Ambassador Bob Barry's Eulogy
Dr. Alton Frye's Eulogy
Mr. Thomas Hughes' Eulogy
Ambassador Bob Barry
Bill Maynes and I arrived at the embassy in Moscow at about the same time, just before the Soviet invasion of Czechoslovakia in 1968. All of us took ourselves and our jobs pretty seriously. After all, we were front line soldiers in what we had not yet thought to describe as the global war on communism. Bill, as usual, stood out amidst an exceptional group.
But what endeared him to me was that he did not take himself too seriously. He loved to tell the story of the month long trip he took with Senator Ellender, the long time chair of the Senate Agriculture Committee, looking into the state of agriculture across the USSR. On his return Bill hastened to write up all the insights gained from this unique look inside the USSR. He sent the report up for the Ambassador’s review and waited for what I am sure should have been a commendation.
Ambassador Llwellyn Thompson was a distant figure to those on his staff. He was on his second time around as Ambassador, and did not feel much need for advice. Thus, when he called down to the economic section Bill’s chief’s ears perked up. The Ambassador wanted to speak to Maynes. An expectant hush permeated the office.
As it turned out, the Ambassador did not want to discuss Soviet agriculture, or Bill’s report, but his boots which he had lent to Senator Ellender. Had they been returned?
Bill and I and Peggy and Gretchen had a lot of fun together, not least when we worked together on UN affairs during the Carter Administration. Together, we created a number of lasting things – even when we did not mean to.
In the middle of the night in 1978, thermoses of strong coffee provided by our long-suffering wives, we rushed in to the Department to deal with the crisis in Lebanon. Working with the US Mission in New York we pieced together UNIFIL - the UN Interim Force in Lebanon. Thirty years later the stopgap still exists – and is still inadequate to the problem.
Another triumph we collaborated on was the independence of Rhodesia, which led to the election of its first, and so far only, leader, Robert Mugabe. Oh, well...
And then there were things we worked on together that look even better today than they did then. The 1978 special session of the UN General Assembly on Disarmament produced a program which included constraints on the use of nuclear weapons which even most Democratic candidates do not accept today.
One of the many things Bill and I agreed about was that terrorism was not an existential threat to this country or any other. Nuclear proliferation is such a threat, and unless we tackle the issue head on, nuclear weapons will be used in the lifetime of our children – perhaps against them.
Bill had a way with words, as you well know.
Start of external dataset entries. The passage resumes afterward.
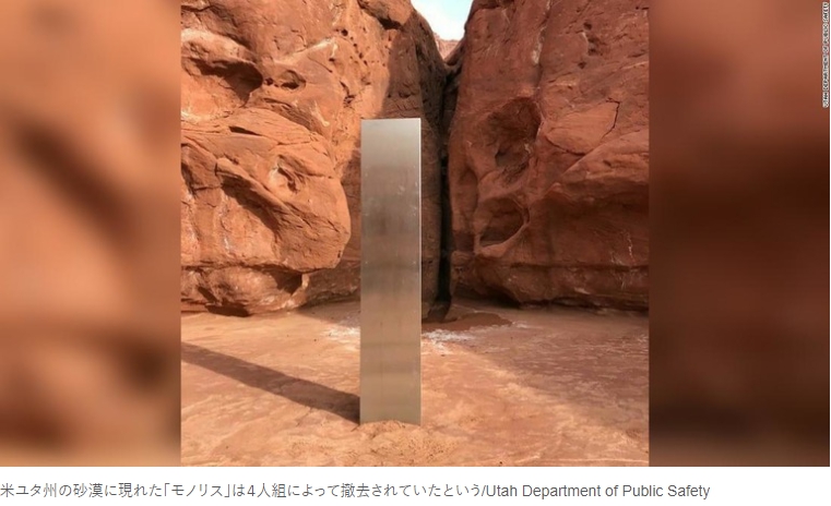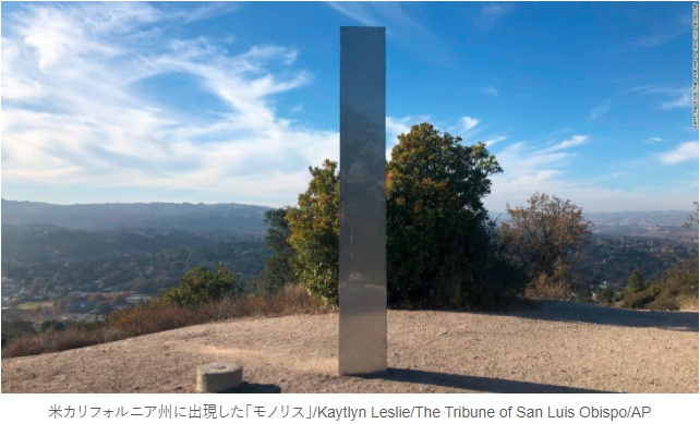 キリスト教圏に設置されるモノリスはすぐに排除されるでしょうが、日本に設置されると、普通に考えると、保存の対象でしょう。金属は地球にない元素の配合にしているでしょうから、今から調べることが楽しみになるレベルです。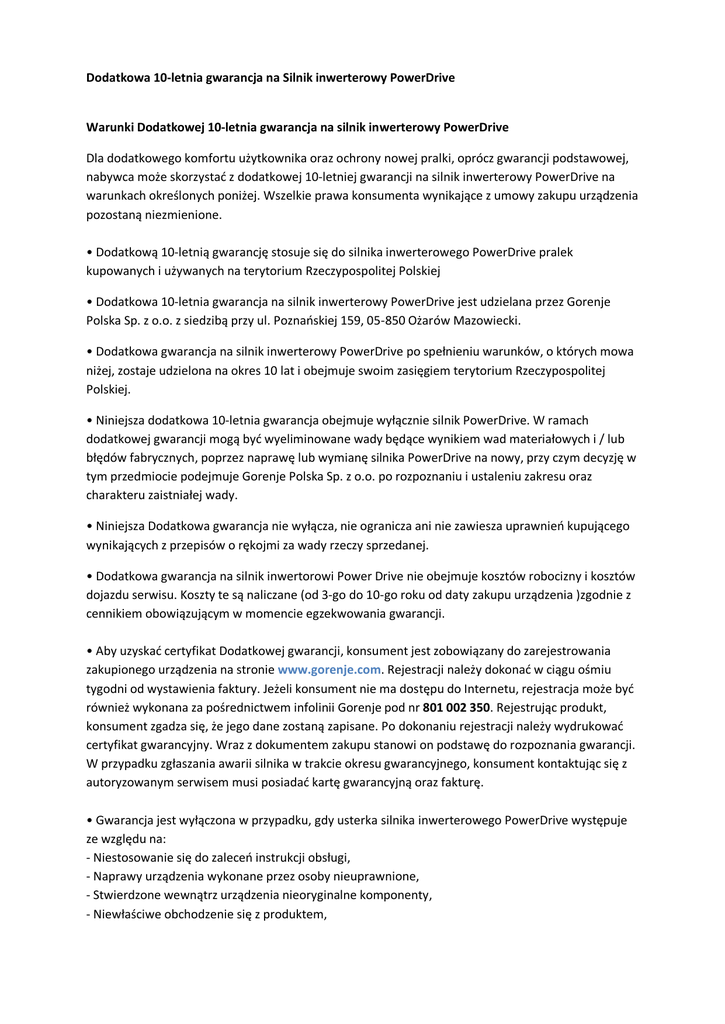 Dodatkowa 10-letnia gwarancja na Silnik inwerterowy PowerDrive Warunki Dodatkowej 10-letnia gwarancja na silnik inwerterowy PowerDrive Dla dodatkowego komfortu użytkownika oraz ochrony nowej pralki, oprócz gwarancji podstawowej, nabywca może skorzystać z dodatkowej 10-letniej gwarancji na silnik inwerterowy PowerDrive na warunkach określonych poniżej. Wszelkie prawa konsumenta wynikające z umowy zakupu urządzenia pozostaną niezmienione. • Dodatkową 10-letnią gwarancję stosuje się do silnika inwerterowego PowerDrive pralek kupowanych i używanych na terytorium Rzeczypospolitej Polskiej • Dodatkowa 10-letnia gwarancja na silnik inwerterowy PowerDrive jest udzielana przez Gorenje Polska Sp. z o.o. z siedzibą przy ul. Poznańskiej 159, 05-850 Ożarów Mazowiecki. • Dodatkowa gwarancja na silnik inwerterowy PowerDrive po spełnieniu warunków, o których mowa niżej, zostaje udzielona na okres 10 lat i obejmuje swoim zasięgiem terytorium Rzeczypospolitej Polskiej. • Niniejsza dodatkowa 10-letnia gwarancja obejmuje wyłącznie silnik PowerDrive. W ramach dodatkowej gwarancji mogą być wyeliminowane wady będące wynikiem wad materiałowych i / lub błędów fabrycznych, poprzez naprawę lub wymianę silnika PowerDrive na nowy, przy czym decyzję w tym przedmiocie podejmuje Gorenje Polska Sp. z o.o. po rozpoznaniu i ustaleniu zakresu oraz charakteru zaistniałej wady. • Niniejsza Dodatkowa gwarancja nie wyłącza, nie ogranicza ani nie zawiesza uprawnień kupującego wynikających z przepisów o rękojmi za wady rzeczy sprzedanej. • Dodatkowa gwarancja na silnik inwertorowi Power Drive nie obejmuje kosztów robocizny i kosztów dojazdu serwisu. Koszty te są naliczane (od 3-go do 10-go roku od daty zakupu urządzenia )zgodnie z cennikiem obowiązującym w momencie egzekwowania gwarancji. • Aby uzyskać certyfikat Dodatkowej gwarancji, konsument jest zobowiązany do zarejestrowania zakupionego urządzenia na stronie www.gorenje.com. Rejestracji należy dokonać w ciągu ośmiu tygodni od wystawienia faktury. Jeżeli konsument nie ma dostępu do Internetu, rejestracja może być również wykonana za pośrednictwem infolinii Gorenje pod nr 801 002 350. Rejestrując produkt, konsument zgadza się, że jego dane zostaną zapisane. Po dokonaniu rejestracji należy wydrukować certyfikat gwarancyjny. Wraz z dokumentem zakupu stanowi on podstawę do rozpoznania gwarancji. W przypadku zgłaszania awarii silnika w trakcie okresu gwarancyjnego, konsument kontaktując się z autoryzowanym serwisem musi posiadać kartę gwarancyjną oraz fakturę. • Gwarancja jest wyłączona w przypadku, gdy usterka silnika inwerterowego PowerDrive występuje ze względu na: - Niestosowanie się do zaleceń instrukcji obsługi, - Naprawy urządzenia wykonane przez osoby nieuprawnione, - Stwierdzone wewnątrz urządzenia nieoryginalne komponenty, - Niewłaściwe obchodzenie się z produktem, - Szkody spowodowane przez uderzenia mechaniczne z winy nabywcy lub osoby trzeciej, - Siłę wyższą (powódź, uderzenie pioruna, pożar itp.), - Korzystanie z urządzenia w celach biznesowych i zarobkowych. • Po zakończeniu naprawy lub wymianie silnika inwerterowego PowerDrive, części które zostały wymienione stają się własnością Gorenje Polska Sp. z o.o. • Naprawa serwisowa wykonana na podstawie niniejszej dodatkowej gwarancji nie przedłuża i nie odnawia gwarancji oraz nie wprowadza żadnych zmian w odniesieniu do ogólnego okresu gwarancyjnego, obowiązującego dla urządzenia jako całości. Gorenje Polska Sp. z o.o. Poznańska 159 05-850 Ożarów Mazowiecki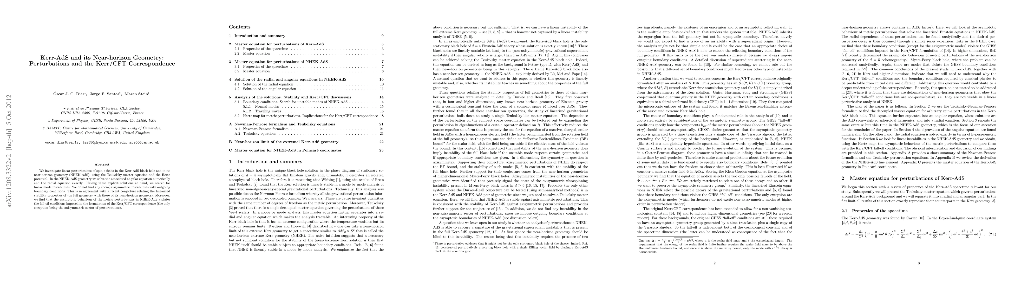 This paper studies linear perturbations of spin-s fields in Kerr-AdS black holes and their near-horizon geometry (NHEK-AdS), finding no non-axisymmetric instabilities, and notes that NHEK-AdS metric perturbations do not satisfy the Kerr/CFT correspondence's fall-off conditions, except for axisymmetric perturbations.
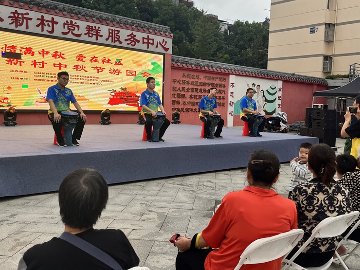 活动现场,激昂奔放的手鼓表演将节日气氛推向了高潮。节奏明快的鼓点瞬间点燃了全场,居民们纷纷驻足欣赏,不少人在鼓点的感染下随之律动,现场化作一片欢乐的海洋。精彩的表演不仅展现了社区居民的多才多艺,更传递出大家积极向上的精神风貌和对美好生活的热爱。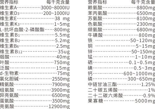 【原料組成 】12種必需氨基酸、甘露糖、L-抗壞血酸-2-磷酸酯、中鏈脂肪酸(MCT)、Ω-3(亞麻酸+ EPA+ DHA)、復(fù)合維生素、復(fù)合微量元素、果寡糖、雞肉粉和奶粉(載體)等。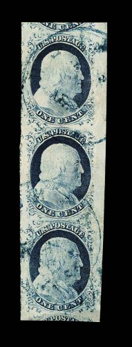 37 O 9 image#9, 1c Blue, Ty. IV, a vertical strip of three in the finest condition imaginable, boasting gigantic margins all around, including a very large sheet margin at right, and its other margins are equally as impressive and balanced, showing portions of adjoining stamps all around (five in all), bright color on fresh paper, very light and unobtrusive strikes of a blue town c.d.s., simply superb; a magnificent quality multiple of the recut One Cent Blue imperforate; 1987 PF certificate for a strip of four from which this was taken. (Image) 425.00

Those who weren’t readers of his Foreign Policy essays will probably remember his toast at Stacy’s wedding, in which he provided Chris, his new son-in-law, with a classic list of the charms – and wiles – he should prepare for in his bride. He took such pride in the young couple as they started their life together, and rejoiced in the grandfatherhood which they brought him. I remembered Bill’s wedding toast, and I tried to duplicate it at my daughter’s wedding. He did it better.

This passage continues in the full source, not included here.